Task brief - Your reply should consist only of the lines from the one with "In addition to" through the end of the entries, transcribed exactly. Pictures stay out.

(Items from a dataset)
::::::::::

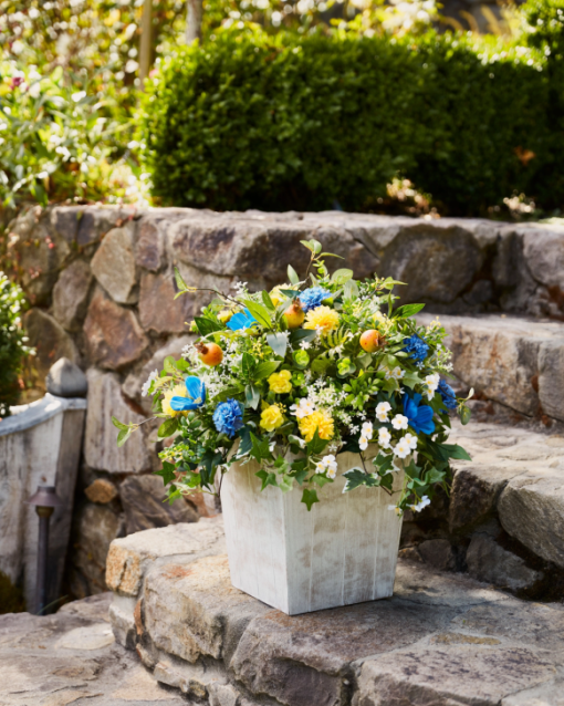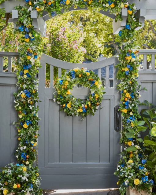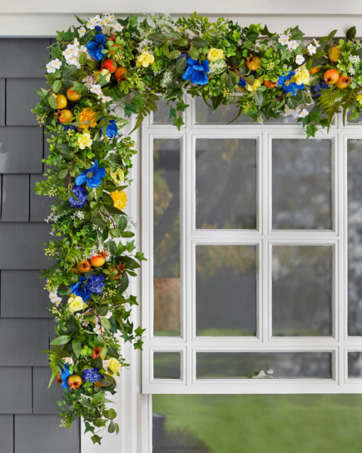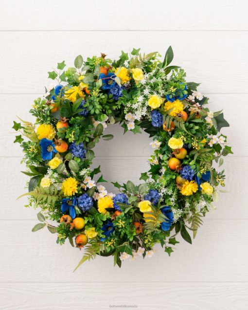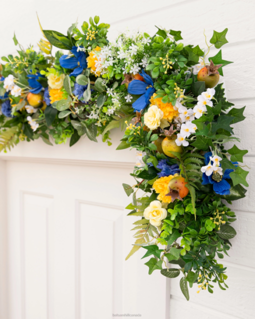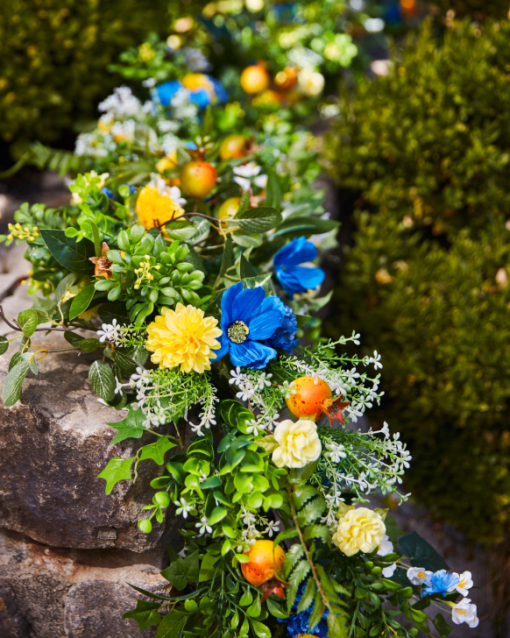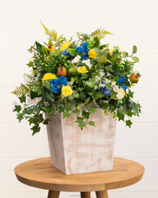 - All products in this collection feature an array of faux flowers, including: gerberas, cornflowers, wildflowers, ivy, pomegranates, and assorted leaves
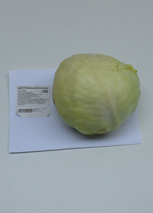 Характеристика товара: Капуста свежая белокочанная (изготовитель ИП Джавахов Исмаил Фаекович, РФ, Ростовская обл.)
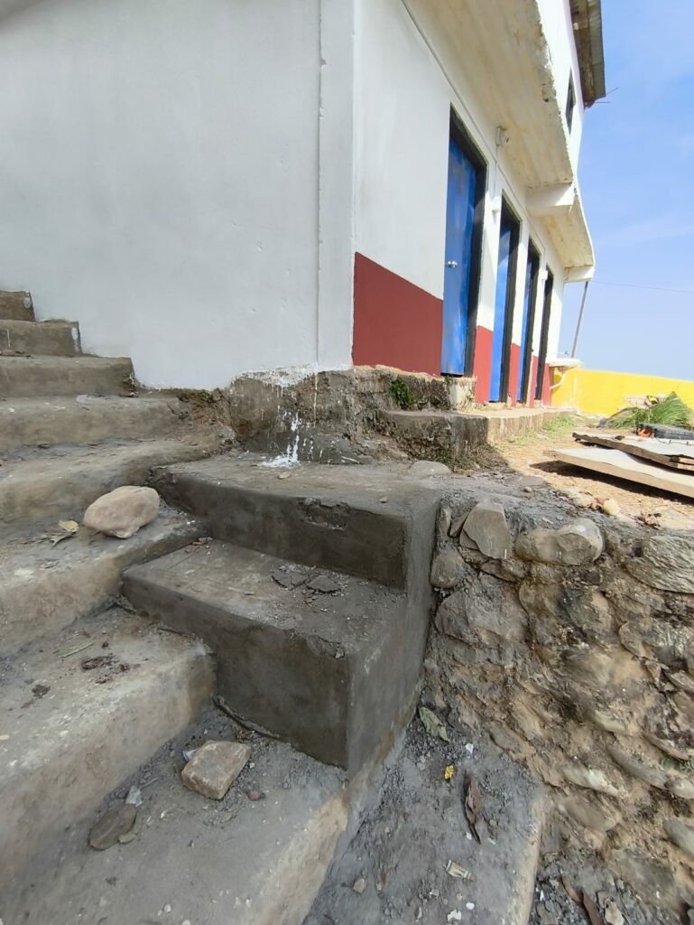Plutôt tranquille le Kam ma Jam. Sur le chantier, le rythme est tranquille. Les maçons continuent d’arroser et de perfectionner les enduits et la chape. Ils ont également construit des marches pour l’accès aux toilettes, car le passage existant était dangereux pour les petits comme pour les grands, et ont redonné forme à un banc de pierre qui n’avait rien de plat.
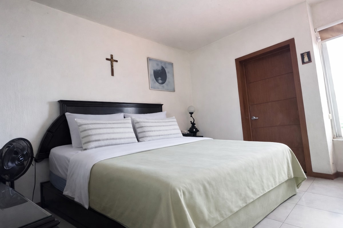Queen Bed, A/C, desk with Fast Wi-Fi, Expo-GDL
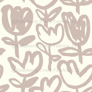Organic boho floral design with hand painted brush flowers in beige neutral colors
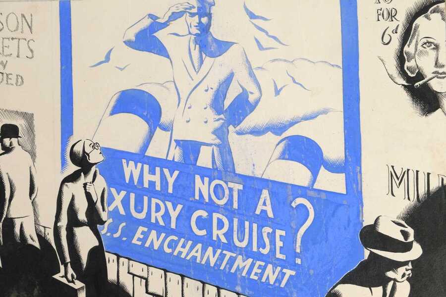 In addition to illustrations for his own books, Wragg enjoyed a varied career as a commercial artist and magazine illustrator. The present work forms part of a storyboard that Wragg put together for Nash’s Magazine and was reproduced there in the edition for July 1934. In the story, Wragg narrates the tale of a lowly secretary who is seduced by an advertisement for a luxury cruise which she takes, subsequently embarking on an onboard romance. Nash’s Magazine was published monthly from 1909 until 1937 and was richly illustrated by many leading artists of the day including Eric Fraser, Rowland Hilder and Dean Cornwell.
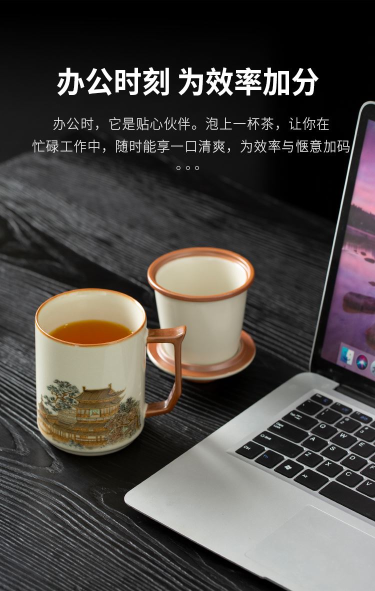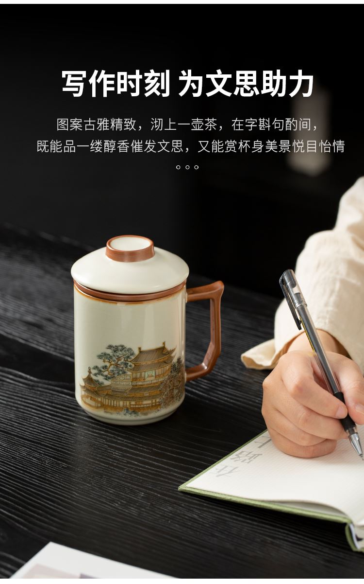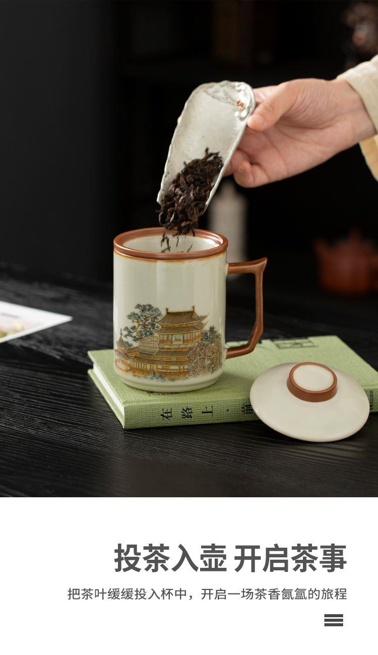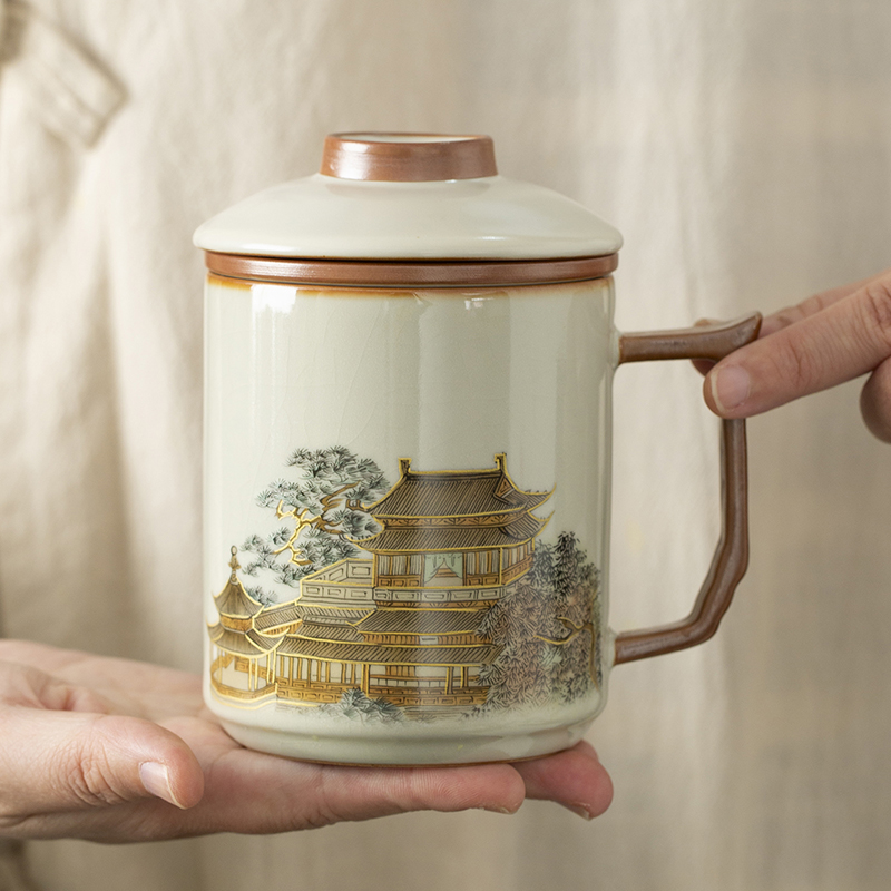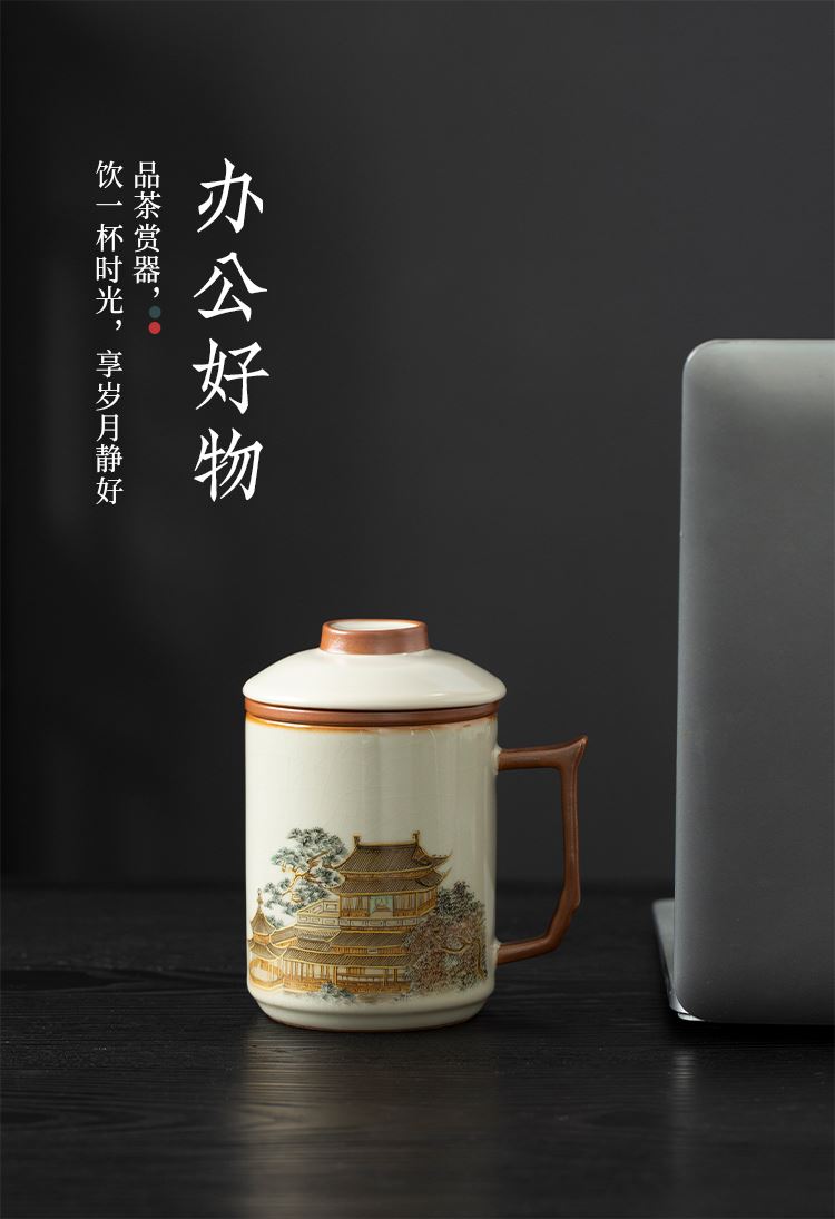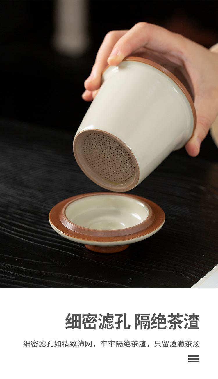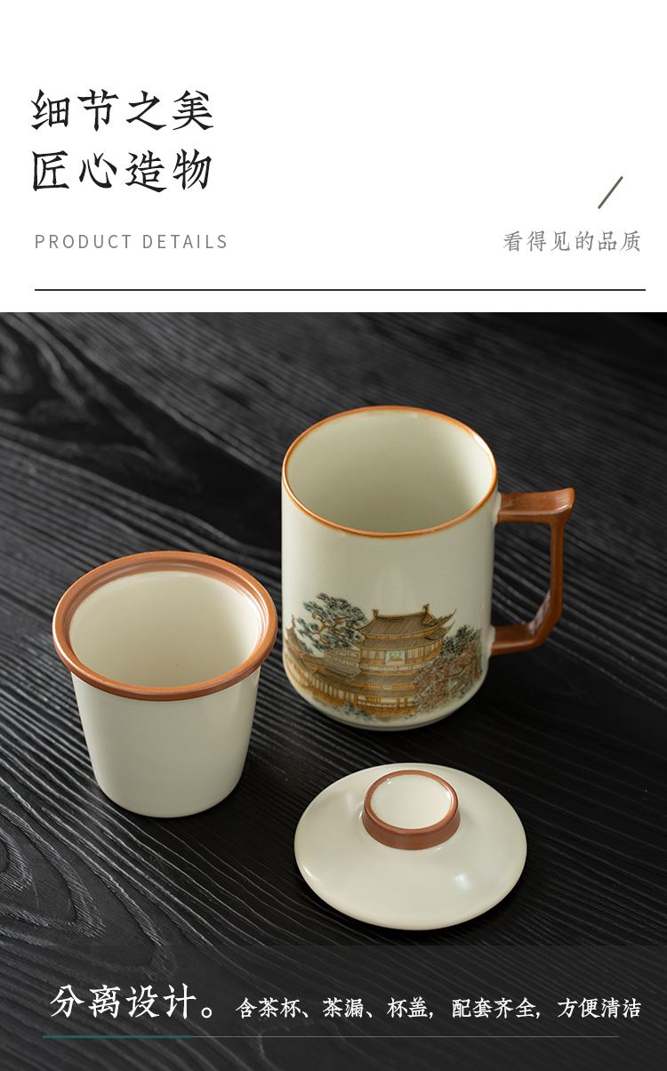 云博陶瓷汝窑黄鹤楼办公杯过滤水杯三件套中国风节日礼品随手礼

::::::::::

Exercise output -
 In addition to illustrations for his own books, Wragg enjoyed a varied career as a commercial artist and magazine illustrator. The present work forms part of a storyboard that Wragg put together for Nash’s Magazine and was reproduced there in the edition for July 1934. In the story, Wragg narrates the tale of a lowly secretary who is seduced by an advertisement for a luxury cruise which she takes, subsequently embarking on an onboard romance. Nash’s Magazine was published monthly from 1909 until 1937 and was richly illustrated by many leading artists of the day including Eric Fraser, Rowland Hilder and Dean Cornwell.
 云博陶瓷汝窑黄鹤楼办公杯过滤水杯三件套中国风节日礼品随手礼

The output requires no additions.